1527. Correlation between ODI and PROMIS in Minimally Invasive Lumbar Decompression Surgery

Authors: Avani Vaishnav; Steven McAnany, MD; Brittany Haws, MD; Benjamin Khechen, BA; Kern Singh, MD; Catherine Gang, MPH; Sheeraz Qureshi, MD, MBA (New York, NY)

Introduction:
As the focus in spine surgery shifts from radiographic to patient-centric outcomes, patient-reported outcomes measures(PROMs) are increasingly being used. Therefore, it is vital to evaluate these tools.

Purpose:
To assess the correlation between Oswestry Disability Index(ODI) and Patient-Reported Outcome Measurement Information System Physical Function(PROMIS-PF) in patients undergoing minimally invasive lumbar decompression. 

Methods:
PROMs collected pre-operatively and 6 weeks, 3 months, 6 months and 1 year post-operatively on 243 patients who underwent minimally invasive lumbar decompression surgery were analyzed; sub-group analysis by number of levels was performed.

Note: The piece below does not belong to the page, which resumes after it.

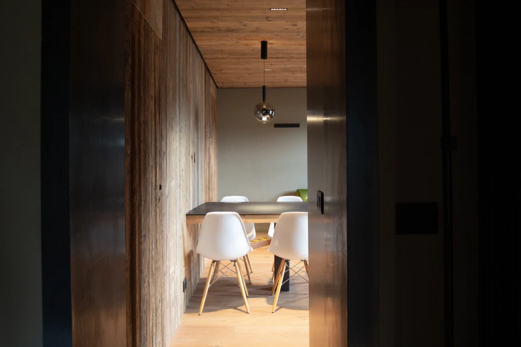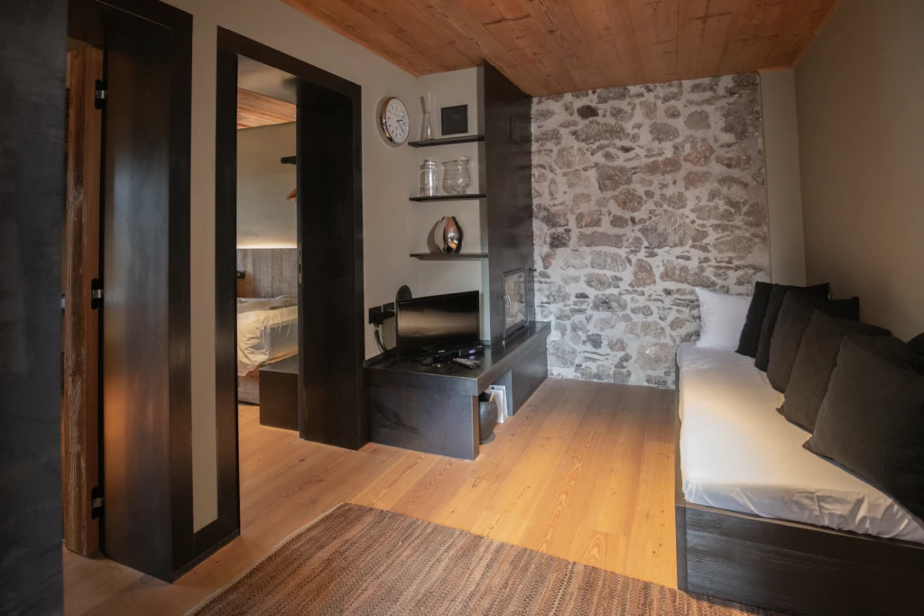 Constructed using the traditional Blockbau technique of interlocking tree trunks, the structure stands as a testament to the time-honored craftsmanship of the Lumiei Valley. The interior, a harmonious blend of dark slate, wooden floors, raw stone walls, and waxed tin panels, complements the minimalist contemporary furnishings, creating an atmosphere of rugged charm and modern simplicity. Each apartment, including the cozy Dolce Vita with its additional sofa bed, features an open-plan living area with a fireplace, kitchenette, and dining area, seamlessly connecting the indoors with the breathtaking Alpine outdoors.

Paired Samples t-test was used to analyze change in ODI and PROMIS. Minimal Clinically Important Difference(MCID) of 12.8 for ODI was used to assess the number of patients experiencing a clinically significant improvement. Pearson product-moment correlation was used to determine the correlation.

Results:
The improvement in ODI and PROMIS-PF from pre-operatively to each follow-up was statistically significant in 1 and 2-level cases, but not in 3-level cases. 59.1% of patients had an improvement >MCID for ODI by 6 weeks, 62% by 3 months, 58.3% by 6 months and 64.9% by 1 year.

Overall, there was a statistically significant negative correlation at all time-points, which was moderate preoperatively(r=-0.59,n=243,p<0.0001), strong at 6-weeks(r=-0.70,n=150,p<0.0001), very strong at 3-months(r=-0.80,n=95,p<0.0001), strong at 6-months(r=-0.75,n=78,p<0.0001), and very strong 1-year(r=-0.83,n=50,p<0.0001). Similarly, in 1- and 2-level surgery, there was a statistically significant negative correlation at all time-points, which was moderate preoperatively and ranged from strong to very strong the post-operatively. In contrast, in 3-level surgery the correlation was not statistically significant at any time-point.

Conclusion: 
The results of our study show a statistically significant moderate to very strong, negative correlation between ODI and PROMIS-PF, except in 3-level lumbar decompression. Thus, PROMIS-PF is a good surrogate for ODI. Larger studies are warranted to evaluate the utility and value of this outcome measure.